🤖 AI Summary
In cooperative multi-agent reinforcement learning (MARL), inefficient exploration and misalignment between individual and collective exploration hinder sample efficiency and convergence. To address this, we propose the Agent-Identity-aware Adaptive Exploration framework (AIR), which jointly optimizes a trajectory identity classifier and an adversarial action selector to unify modeling of individual uncertainty and population-level behavioral diversity. AIR is the first approach to theoretically guarantee synergistic promotion of both individual and collective exploration via an adversarial mechanism—without introducing auxiliary networks or explicit policy-parameter modifications—and supports end-to-end integrable exploration control. Evaluated on multiple MARL benchmarks, AIR significantly improves sample efficiency and final performance, accelerating convergence by 37%–52% and demonstrating superior generalization over existing exploration methods.
📝 Abstract
Exploration in cooperative multi-agent reinforcement learning (MARL) remains challenging for value-based agents due to the absence of an explicit policy. Existing approaches include individual exploration based on uncertainty towards the system and collective exploration through behavioral diversity among agents. However, the introduction of additional structures often leads to reduced training efficiency and infeasible integration of these methods.

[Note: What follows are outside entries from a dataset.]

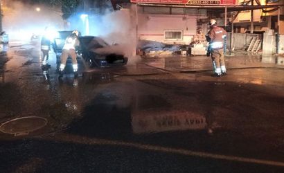 Hatay'ın İskenderun ilçesi Muradiye Mahallesi'nde seyir halindeyken motor bölümünde alevlenen bir otomobilde hasar oluştu.
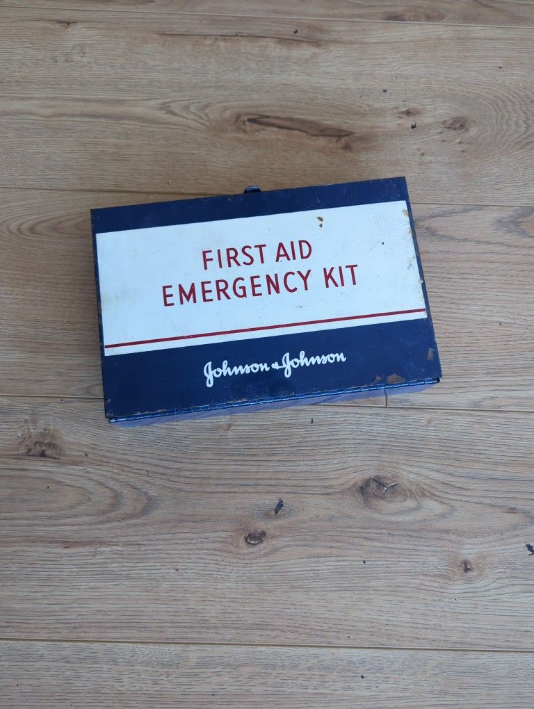 Johnson and Johnson. Mostly original items inside. $35 It's gotta go, make me an offer.
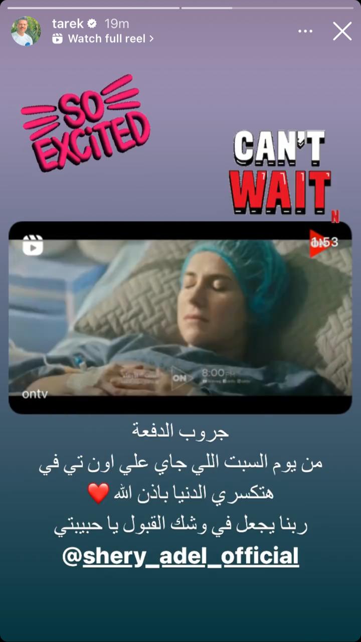 روج الفنان طارق صبري لمسلسل زوجته شيري عادل الجديد حكاية جروب الدفعة، ووجه لها رسالة دعم عبر حسابه الرسمي بموقع انستجرام.
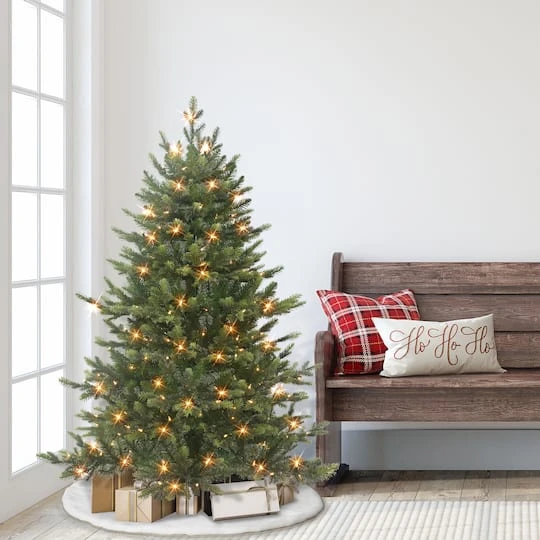 Usher in the holidays with this beautifully-crafted Royal Majestic Douglas Fir Christmas tree. Made to look and feel lifelike with 1,754 PE/PVC branch tips, the stunning realism of this tree is defined by its close attention to detail like pine needle branches for a touch of the magical winter wonderland. It comes pre-lit with 250 UL clear bulbs that will illuminate your space with a festive glow. Pre-strung bulbs simplify the otherwise time-consuming task of hanging lights on the tree. The Sure-Lit pole allows you to simply insert the tree sections into one another for easy assembly and ensures that even if one bulb burns out, the rest remain lit. Made with strong and durable steel components, this Xmas tree is built to last. Flame retardant and hypoallergenic materials make it a safer choice when compared to real trees. Hinged branches are quick and easy to shape, ready to be decorated with your favorite ornaments. This product is backed by a 5-year warranty on the tree and a 2-year warranty on lights for years of quality use.

In this paper, we propose Adaptive exploration via Identity Recognition~(AIR), which consists of two adversarial components: a classifier that recognizes agent identities from their trajectories, and an action selector that adaptively adjusts the mode and degree of exploration. We theoretically prove that AIR can facilitate both individual and collective exploration during training, and experiments also demonstrate the efficiency and effectiveness of AIR across various tasks.